Data from Momsen et al. (10) and O’Neill et al. (24) illustrate the importance of connecting learning objectives with assessments. It is relatively easy to use Bloom’s taxonomy (25) to categorize the learning objectives and assessments to determine a quantitative alignment score between the two. A critical component of triadic alignment, however, includes TLA that are at the same cognitive level as the learning objective(s) and assessments for that skill. If students are not guided on how to engage in higher-order skills or provided opportunities to practice these skills, they may perform poorly on assessments and examinations (16). Without in-class activities, students are not always able to gain higher cognitive skills (22). If higher-level thinking is a desired course objective, then it is important for students to both have opportunities to practice the specific skills inside and/or outside of class and to be assessed at the higher levels. Fully implementing course alignment by connecting learning objectives, TLA, and assessments ensures consistency within the course (19) and can improve student learning and attitudes about the course and enhance instructor confidence.

CASE STUDY

After her first year teaching General Biology I, a new faculty member reflected on ways in which she could improve her course. Exam averages were lower than she expected and the students commented that the exams were much too challenging. Discussion with other faculty members initially led the new faculty member to recognize that her expectation of the students’ ability to answer apply/analyze/evaluate (A/A/E) questions on exams was too high for an introductory course. The new faculty member had recently completed postdoctoral training in a research-intensive laboratory and was engaged in higher-order thinking on a daily basis. In contrast, the first- and second-year undergraduate students in her class were not proficient at taking information from the lecture notes and textbook and applying it to novel situations. The instructor eventually realized that the application of information was a relatively easy skill for her but seemed to be an unattainable task for the students, particularly without any modeling of the skill for the students. Too many questions at the A/A/E levels were asked on the first two exams during her first year of teaching, which was not consistent with the R/U learning objectives of the course during that year (Supplemental Fig. 1). The instructor reduced the number of A/A/E questions on exams 3 and 4 during the first year and in all exams during the second and third years of her teaching, allowing for partial alignment. Despite the changes to the later exams during the first year, students’ exam scores (Fig. 1) and attitudes about the course (Figs. 2 and 3) were still disappointing. More changes were necessary to improve students’ performance and attitudes.

FIGURE 1

The average exam scores over three successive years of a new instructor’s teaching. Data were analyzed by one-way ANOVA comparing exam scores in years 1, 2, and 3. Individual exams were then compared with one another using post-hoc Bonferoni’s t-tests. Statistical comparisons are displayed within the exam number across years. “Overall” represents the mean of all exams within a particular year. Within the exam number, bars with different superscripts are statistically different from one another (p < 0.05). N = 109, 80, and 67 for Years 1, 2, and 3, respectively.

FIGURE 2

Students’ responses to the end-of-semester evaluation statement “Exams and assignments related to course content” in three successive years. A Cochran-Mantel-Haenszel test was performed to determine whether the distribution of students’ attitude responses differed between the three years. Bars with different superscripts are statistically different (p<0.05 ) from one another.

FIGURE 3

Students’ responses to the end-of-semester evaluation statement “Learned a lot from this course” in three successive years. A Cochran-Mantel-Haenszel test was performed to determine whether the distribution of students’ attitude responses differed between the three years. Bars with different superscripts are statistically different (p < 0.05) from one another. (Data provided from the evaluation system were rounded to the nearest whole number; therefore, not all sums total 100%.)

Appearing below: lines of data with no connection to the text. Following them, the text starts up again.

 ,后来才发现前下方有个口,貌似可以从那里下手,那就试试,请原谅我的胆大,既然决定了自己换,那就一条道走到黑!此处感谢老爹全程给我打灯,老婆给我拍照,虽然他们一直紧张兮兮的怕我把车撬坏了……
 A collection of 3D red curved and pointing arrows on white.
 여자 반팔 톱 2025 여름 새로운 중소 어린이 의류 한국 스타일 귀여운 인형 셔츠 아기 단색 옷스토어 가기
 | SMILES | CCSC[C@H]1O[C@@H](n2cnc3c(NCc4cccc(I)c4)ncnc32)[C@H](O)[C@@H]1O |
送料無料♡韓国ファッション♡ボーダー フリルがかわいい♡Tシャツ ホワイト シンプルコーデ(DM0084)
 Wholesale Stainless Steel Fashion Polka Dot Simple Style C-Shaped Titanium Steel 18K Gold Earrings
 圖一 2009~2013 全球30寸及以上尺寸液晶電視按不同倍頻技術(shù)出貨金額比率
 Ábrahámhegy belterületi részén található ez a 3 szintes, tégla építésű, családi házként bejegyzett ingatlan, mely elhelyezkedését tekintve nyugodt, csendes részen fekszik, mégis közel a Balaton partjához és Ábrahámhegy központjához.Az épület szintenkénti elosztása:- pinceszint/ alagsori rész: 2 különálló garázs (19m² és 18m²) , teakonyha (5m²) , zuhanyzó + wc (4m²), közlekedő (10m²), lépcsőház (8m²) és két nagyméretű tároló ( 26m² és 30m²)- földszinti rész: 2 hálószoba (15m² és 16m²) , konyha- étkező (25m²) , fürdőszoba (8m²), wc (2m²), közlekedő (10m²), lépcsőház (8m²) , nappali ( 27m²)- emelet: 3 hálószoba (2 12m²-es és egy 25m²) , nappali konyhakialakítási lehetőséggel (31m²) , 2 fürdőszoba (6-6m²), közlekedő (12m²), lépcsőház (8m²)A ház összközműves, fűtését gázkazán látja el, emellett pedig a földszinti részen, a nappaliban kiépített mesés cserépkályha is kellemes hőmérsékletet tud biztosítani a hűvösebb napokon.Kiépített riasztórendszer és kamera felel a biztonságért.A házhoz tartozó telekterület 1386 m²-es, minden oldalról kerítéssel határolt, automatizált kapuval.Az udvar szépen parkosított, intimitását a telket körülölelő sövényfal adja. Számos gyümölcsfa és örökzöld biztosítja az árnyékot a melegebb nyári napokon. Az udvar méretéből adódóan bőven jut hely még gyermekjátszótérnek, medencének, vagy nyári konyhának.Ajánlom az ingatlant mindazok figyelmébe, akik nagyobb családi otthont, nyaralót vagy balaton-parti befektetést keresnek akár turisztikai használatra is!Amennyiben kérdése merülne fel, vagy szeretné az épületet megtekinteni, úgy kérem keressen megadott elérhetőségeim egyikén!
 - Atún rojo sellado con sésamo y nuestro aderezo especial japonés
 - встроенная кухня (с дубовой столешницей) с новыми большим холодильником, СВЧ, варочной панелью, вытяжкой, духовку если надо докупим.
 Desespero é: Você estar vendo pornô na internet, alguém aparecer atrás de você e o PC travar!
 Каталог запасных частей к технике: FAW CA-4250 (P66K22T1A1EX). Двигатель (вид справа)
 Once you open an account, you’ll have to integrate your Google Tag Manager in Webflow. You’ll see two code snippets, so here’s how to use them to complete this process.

After conferring with her mentor and the Director of the Teaching and Learning Center, the new faculty member realized her course was still misaligned. Even though learning objectives and exam questions were revised to be at the same cognitive level, they were not being supported by TLA at the apply level. Students did not practice higher-level skills in class, and this may have contributed to their continued poor performance on exams. This prompted the new faculty member to reflect on how she was teaching the class. In year 1, most of her preparation time was spent constructing Powerpoint slides with the content in bulleted form. During class, the instructor predominantly lectured (> 90% of the time) by revealing the bullets and mainly reiterated the content on the slides. Real-world examples of the concepts were provided within the Powerpoint slides, but the students did not appear to form concrete linkages between the concepts and examples. Questions were infrequently asked and the students did not discuss the content with one another during class. The main emphasis was on the instructor delivering a large amount of content rather than on the depth and quality of content covered. Students did little to engage with the material during the lecture, thus representing a teacher-centered approach. The new instructor recognized that in order to improve student learning, she had to provide more activities that required students to think about the material and process information on their own.

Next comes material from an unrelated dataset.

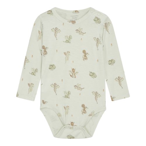 Langermet body i myk og tøyelig bambusviskose med dino print. Den praktiske kneppingen på venstre skulder og mellom bena gjør av- og påkledning enkel. Perfekt for sart hud, takket være pustende og temperaturregulerende bambusfiber.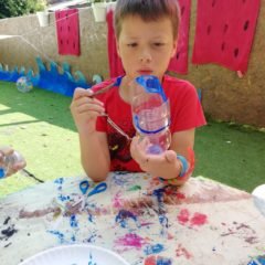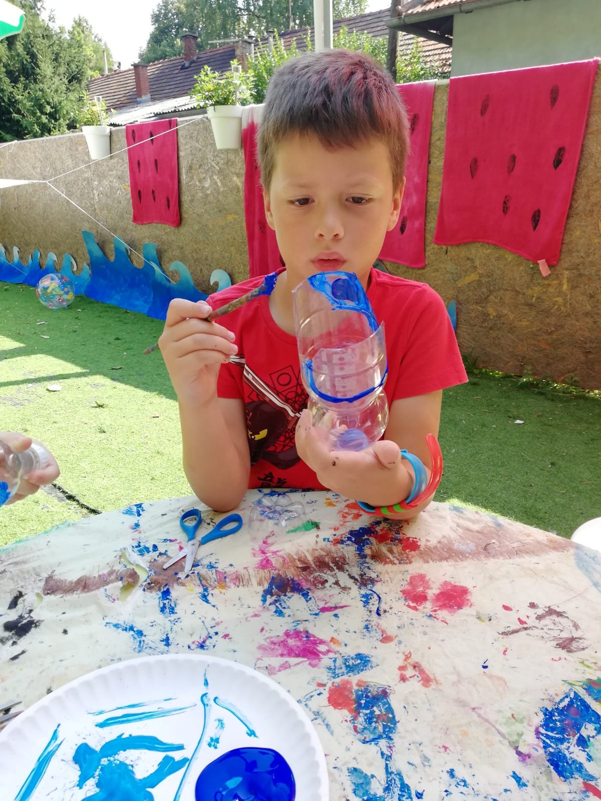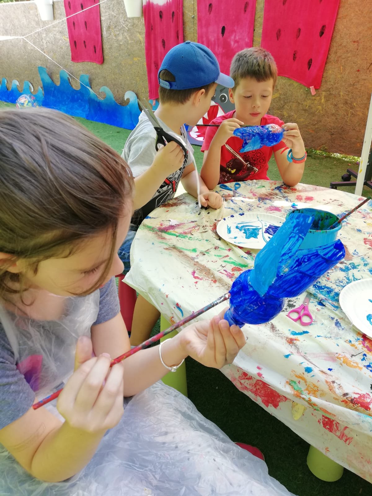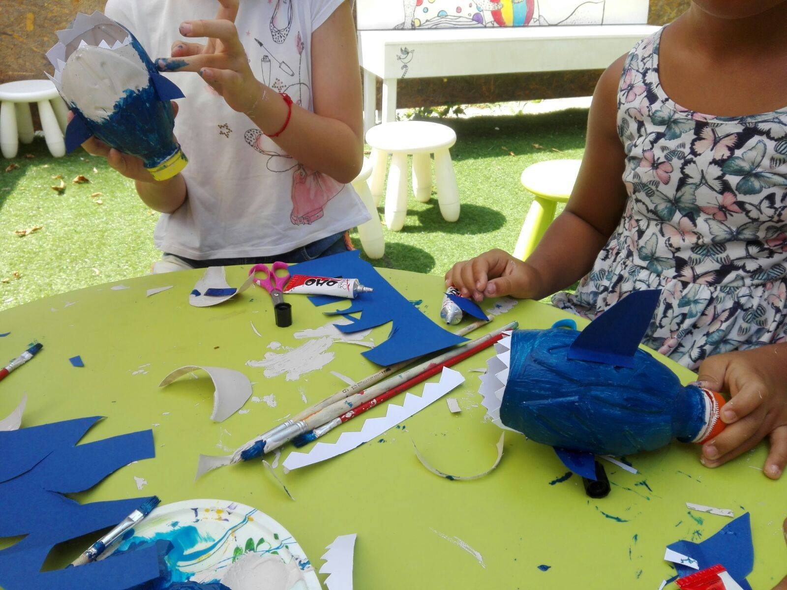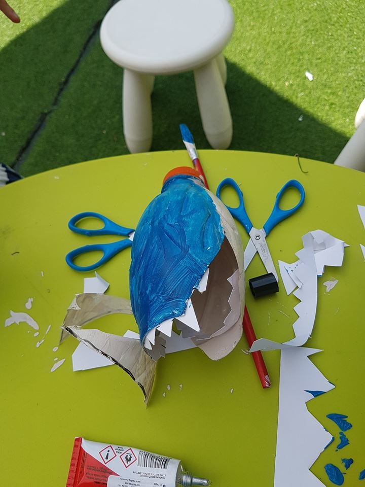 KORAK 3: sviđa vam se što ste do sada napravili ali kao da ste nešto zaboravili? Pa da – morski psi imaju peraje! Iz papira izrežite peraje (2 bočne, repnu i leđnu), obojite ih i zalijepite na plastičnu bocu.

Importantly, new TLA at the apply level were added in years 2 and 3 to achieve alignment between specific course objectives, TLA, and course assessments. These included in-class activities and exam question modeling sessions. For example, three activities included: 1) a case study to engage the students in the scientific method; 2) a demonstration of how a buffer functions; and 3) modeling mitosis and meiosis using pipe cleaners. These activities involved students working together in groups to answer specific questions related to a biological concept. Other learning opportunities that students rated positively on course evaluations were practice exam question modeling sessions. Multiple-choice questions at the apply cognitive dimension were given to students via clickers as formative ungraded assessments the week before each exam. Students answered these questions anonymously to ascertain whether they could apply their knowledge to novel situations. This helped students determine whether they knew the material one week prior to the exam and also allowed them to practice answering higher-level thinking questions. Immediately after the question was asked, the faculty member modeled the reasoning and logic for how the incorrect answer choices could be eliminated and why the correct answer was the best choice. As the semester progressed students modeled to each other which choices were incorrect and which one was the most correct choice using peer teaching. Therefore, as the course progressed, students took greater responsibility for their learning during these sessions and relied less heavily on the instructor providing the answers. Thus, a major change the new instructor made to the course in years 2 and 3 of her teaching was changing how content was covered during class time in order to get the students more actively engaged in the learning process.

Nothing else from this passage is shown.